= Leka nosht, deca =

Bulgarian children's television programme

Leka nosht, deca (Bulgarian: Лека нощ, деца, literally "Good Night, Children"), also known as Suncho (Сънчо, "Sandman"), after its opening theme, is a Bulgarian children's bedtime programming strand airing on Bulgarian National Television since 1960. The strand aired on BNT 1 from 1960 to 2019; since then, it has aired on BNT 2. The strand is broadcast at 7:45pm or 7:50pm, which, when it aired on BNT 1, aired before the main edition of Po sveta i u nas.

==History and content==
Leka nosht, deca was first broadcast on 5 March 1960 and its content was an animated short, preceded and followed by the show's theme.
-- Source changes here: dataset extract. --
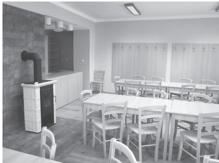
Interiér kulturáčku na Dubině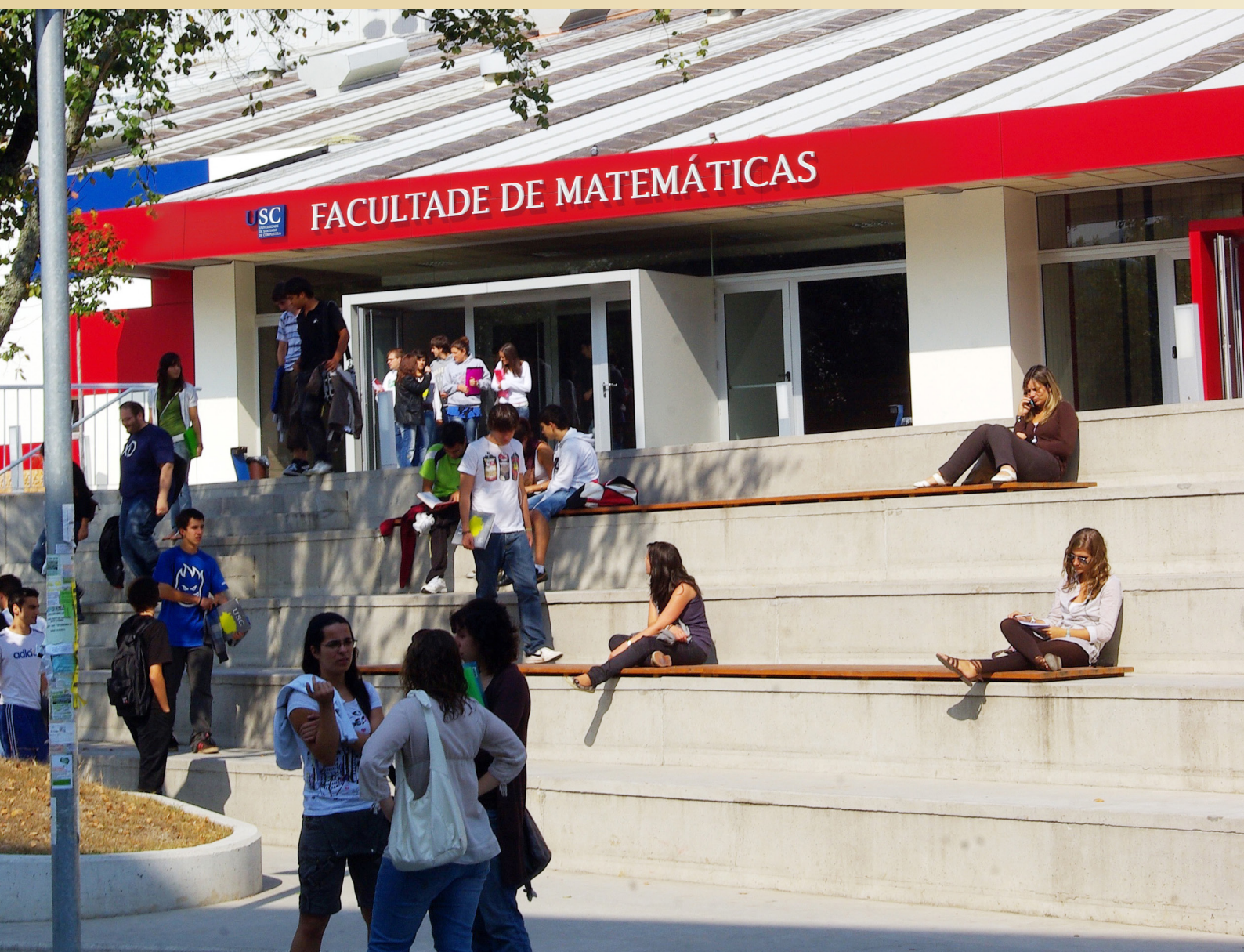
Faculdade de Matemáticas

At the time of its creation, it was believed that television would be harmful to children, and in its early years, it was often the only children's program on Bulgarian television. The opening and closing themes of the strand had their lyrics written by Dimitar Spasov and its music composed by Petar Stupel. The lyrics were sung by Lina Boyadzhieva, who died in 2015 at the age of 86. BNT's children's department was operating at a shoestring, with lack of money and photo studios, lack of editing time and sound recording. Leka nosht, deca often featured Bulgarian creations during the communist phase, such as Nie, vrabchetata by Yordan Radchikov; Anini prikazki by Stefan Tsanev; Cvetni prikazki by Leda Mileva; Prez vodi i gori by Emiliyan Stanev; and others.

After the fall of communism, in 1992, the strand presented its first crisis. That year, BNT closed its children's department, then in 2003, Kiril Gotsev removed the strand from the schedule. When Gotsev resigned from BNT's presidency the following year, the strand was revived. BNT started replacing Bulgarian series with foreign productions.

In 2019, during the sixtieth anniversary of BNT, BNT 1 removed Leka nosht, deca from its programming. From 9 September 2019, BNT 2 started airing the strand featuring the Russian series Masha and the Bear. Its removal from BNT 1 caused massive concern among parents and critics, the majority of which was unaware that it had moved channels.

While the strand continues on BNT 2, a revival of sorts appeared on BNT 1 from 14 September 2024: Raskazhi mi prikazka (Разкажи ми приказка, Tell Me a Story), limited to Bulgarian actors and artists telling stories from national folklore.

==Popularity in Romania==
In the 1980s, TVR, Romania's state TV company, faced a series of crises even in the harshest years of the Ceaucescu regime, with no proper strand aimed at children. Until 1989, with the fall of his regime, BNT's first channel was well-received via overspill in southern Romania and one of its attractive programs was Leka nosht, deca. The strand was praised at the time for offering a wider selection of cartoons than TVR's Gala desenului animat, which aired five cartoons a week.